**Task prompt:** For the listing below, return the line containing "Designer lighting and", the line containing "Derrière, loin derrière, Filippo", and all lines in between, exactly as written and nothing else.

**Records shown:**

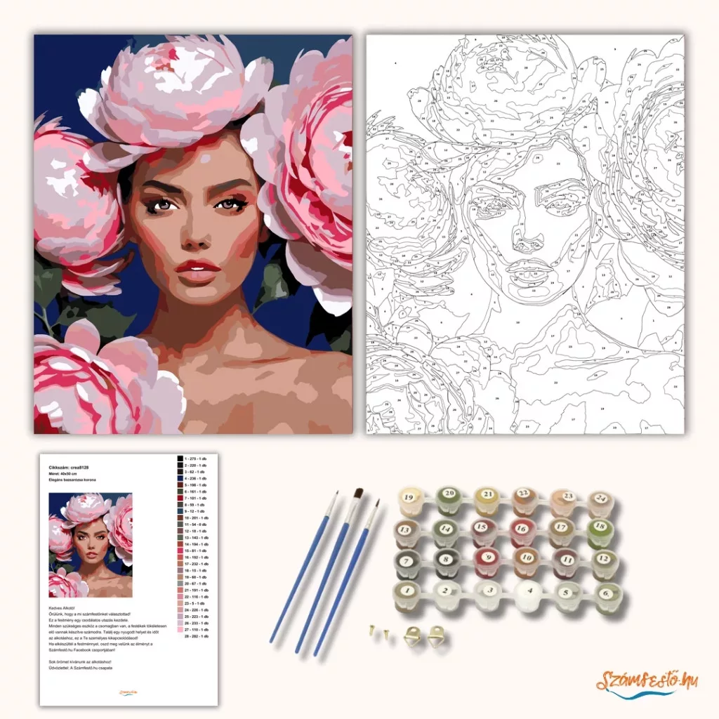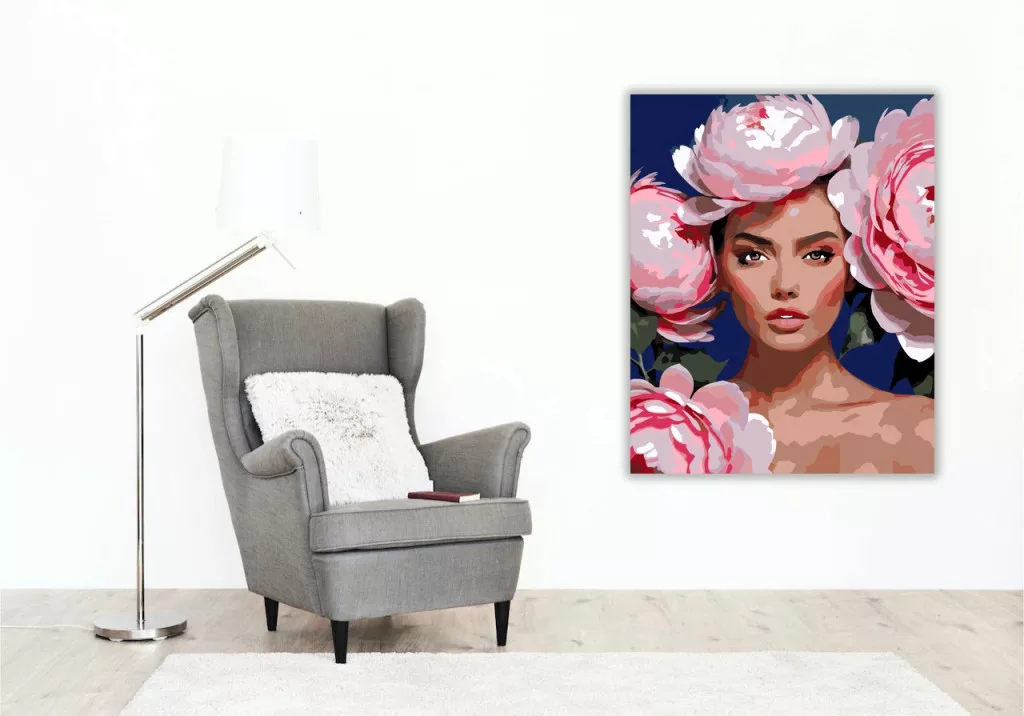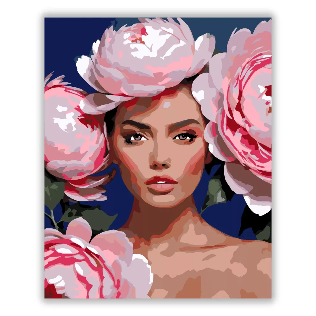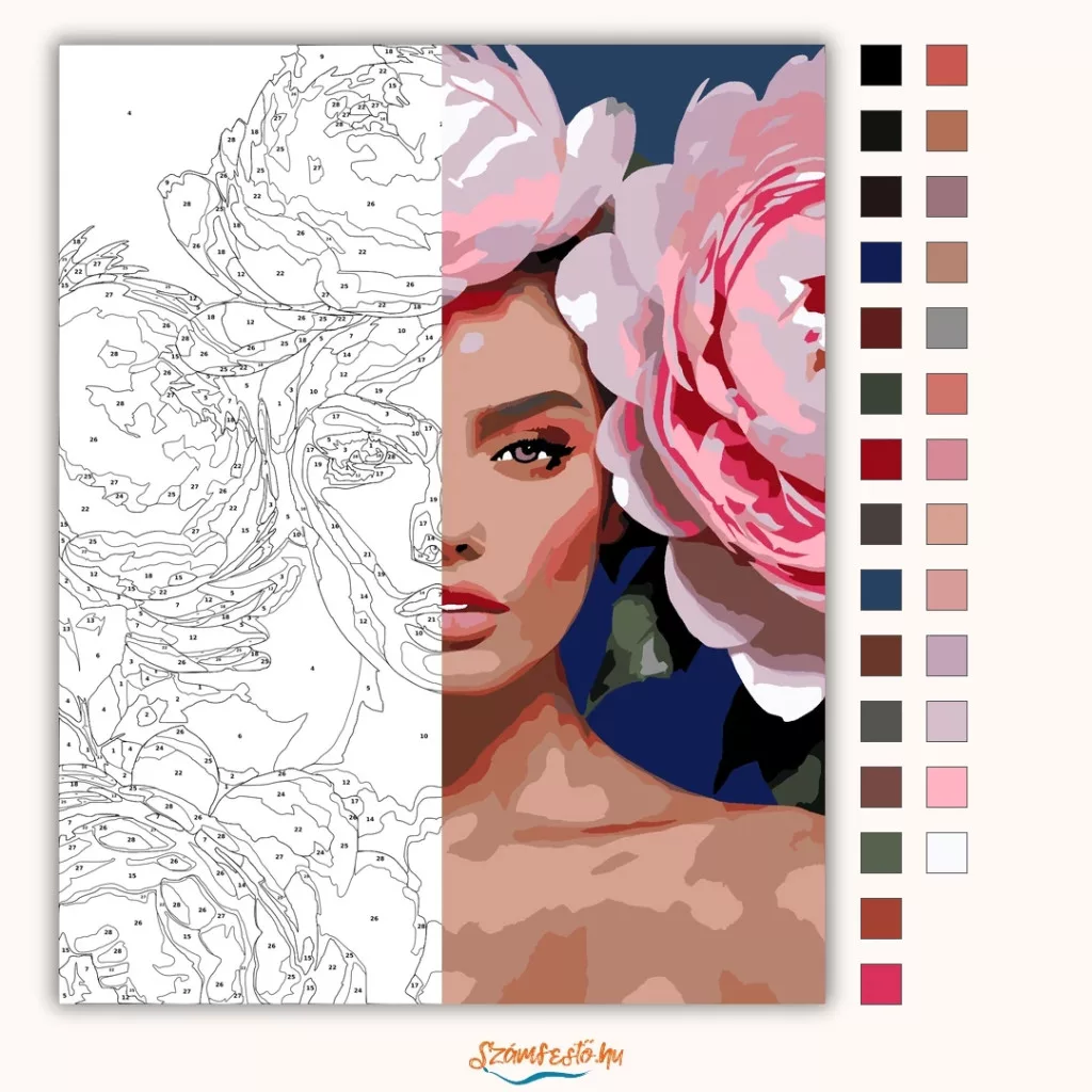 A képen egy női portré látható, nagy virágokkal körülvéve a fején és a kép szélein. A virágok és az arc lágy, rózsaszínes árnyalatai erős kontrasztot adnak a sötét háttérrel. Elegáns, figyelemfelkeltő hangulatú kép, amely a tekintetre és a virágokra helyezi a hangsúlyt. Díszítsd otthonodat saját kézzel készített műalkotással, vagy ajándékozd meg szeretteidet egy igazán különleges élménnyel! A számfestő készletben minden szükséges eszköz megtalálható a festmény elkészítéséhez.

---

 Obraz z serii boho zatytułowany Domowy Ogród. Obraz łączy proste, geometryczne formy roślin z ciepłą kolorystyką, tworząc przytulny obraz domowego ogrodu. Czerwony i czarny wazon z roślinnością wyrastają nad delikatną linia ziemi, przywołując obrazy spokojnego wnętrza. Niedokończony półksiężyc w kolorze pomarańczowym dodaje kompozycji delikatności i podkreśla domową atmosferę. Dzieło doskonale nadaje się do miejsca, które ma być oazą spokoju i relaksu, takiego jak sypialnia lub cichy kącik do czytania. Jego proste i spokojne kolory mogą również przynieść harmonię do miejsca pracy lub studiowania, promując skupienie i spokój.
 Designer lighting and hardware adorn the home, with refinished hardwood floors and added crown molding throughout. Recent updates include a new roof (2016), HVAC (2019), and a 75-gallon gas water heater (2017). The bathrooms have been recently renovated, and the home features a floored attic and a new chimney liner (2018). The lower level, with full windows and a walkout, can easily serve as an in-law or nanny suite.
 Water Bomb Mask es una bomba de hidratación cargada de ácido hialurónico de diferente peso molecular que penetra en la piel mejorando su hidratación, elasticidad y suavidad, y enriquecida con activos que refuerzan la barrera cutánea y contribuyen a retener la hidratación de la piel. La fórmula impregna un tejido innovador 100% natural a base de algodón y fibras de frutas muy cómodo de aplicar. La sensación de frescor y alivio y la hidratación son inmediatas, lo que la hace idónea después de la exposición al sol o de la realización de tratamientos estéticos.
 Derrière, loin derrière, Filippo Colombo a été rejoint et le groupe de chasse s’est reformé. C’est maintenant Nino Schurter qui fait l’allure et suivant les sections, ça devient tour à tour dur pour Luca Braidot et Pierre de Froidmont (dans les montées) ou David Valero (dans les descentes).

**Solution:**
 Designer lighting and hardware adorn the home, with refinished hardwood floors and added crown molding throughout. Recent updates include a new roof (2016), HVAC (2019), and a 75-gallon gas water heater (2017). The bathrooms have been recently renovated, and the home features a floored attic and a new chimney liner (2018). The lower level, with full windows and a walkout, can easily serve as an in-law or nanny suite.
 Water Bomb Mask es una bomba de hidratación cargada de ácido hialurónico de diferente peso molecular que penetra en la piel mejorando su hidratación, elasticidad y suavidad, y enriquecida con activos que refuerzan la barrera cutánea y contribuyen a retener la hidratación de la piel. La fórmula impregna un tejido innovador 100% natural a base de algodón y fibras de frutas muy cómodo de aplicar. La sensación de frescor y alivio y la hidratación son inmediatas, lo que la hace idónea después de la exposición al sol o de la realización de tratamientos estéticos.
 Derrière, loin derrière, Filippo Colombo a été rejoint et le groupe de chasse s’est reformé. C’est maintenant Nino Schurter qui fait l’allure et suivant les sections, ça devient tour à tour dur pour Luca Braidot et Pierre de Froidmont (dans les montées) ou David Valero (dans les descentes).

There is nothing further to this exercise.